New York Pulls Out


The New York State Common Retirement Fund is pulling its entire $68 million investment in Harbinger. It asked for $27 million at the start of 2010 and the remaining $41 million in mid-September, spokesman Dennis Tompkins says. He declined to say why the fund decided to redeem.

Falcone, in an August 2009 investor conference call, pledged to reduce the amount of stock and private-equity investments in the Capital Partners fund to about 50 percent of assets, moving more into bonds, according to investors who were on the call. They say that didn't happen.

Falcone declined to comment on the matter.

One investor is taking the big bets in stride. Mark Yusko, chief investment officer at Morgan Creek Capital Management LLC in Chapel Hill, N.C, says betting lots of money on a few ventures isn't necessarily bad.

'An Outstanding Investor'

"Concentration indicates passion and conviction," Yusko says. "I can manage around concentration because I don't have all my money with him. Philip is an outstanding investor. He has the intestinal fortitude and patience to stick with an investment."

Falcone's satellite play started out as the kind of distressed-debt investment typical of Harbinger. The licenses he's using to build his network have been bouncing from one owner to the next since 2000, when Motient Corp., a company that sold package-tracking services to United Parcel Service Inc., set up a partnership with other investors called Mobile Satellite Ventures LP (MSV) to try to build a network.
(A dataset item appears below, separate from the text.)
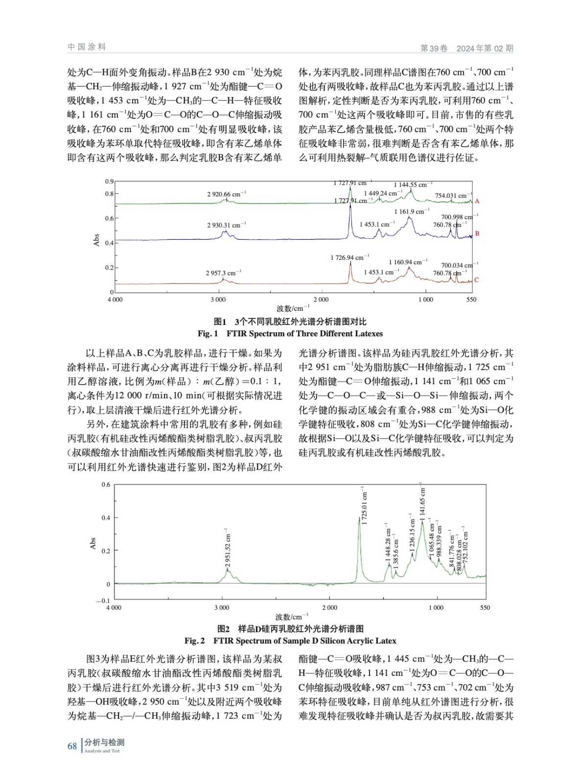 摘要:探討了建筑涂料中乳膠類型以及單體比例分析方法,利用紅外光譜分析儀進行分析,并通過樣品所含有的特征吸收峰的位置判斷乳膠類型,如苯環單取代特征吸收峰為苯乙烯特征吸收,Si—C或Si—O等特征吸收峰為有機硅單體特征吸收等。另外,可以綜合利用熱裂解–氣質聯用色譜分析儀,對一些紅外光譜不能明確的乳膠類型樣品進行再次確認,也可以利用單體出峰時間以及面積,對合成單體進行定性以及定量分析。

It sold part of its stake in the unit in October 2001 and then sought bankruptcy protection.

Apollo Global Management LLC, the private-equity firm run by Leon Black, bought a piece of an Internet software company called Rare Medium Group Inc. in 1999. Two years later, Rare Medium bought into MSV. As the Internet boom went bust, Rare Medium morphed into a satellite communications company, changing its name to SkyTerra Communications in 2003 and going on to accumulate a majority of MSV in May 2006.

Buying SkyTerra

Falcone started acquiring SkyTerra shares about the same time, according to regulatory filings. He's been on a telecom bender ever since. He says buying wireless spectrum is a better bet than buying media properties.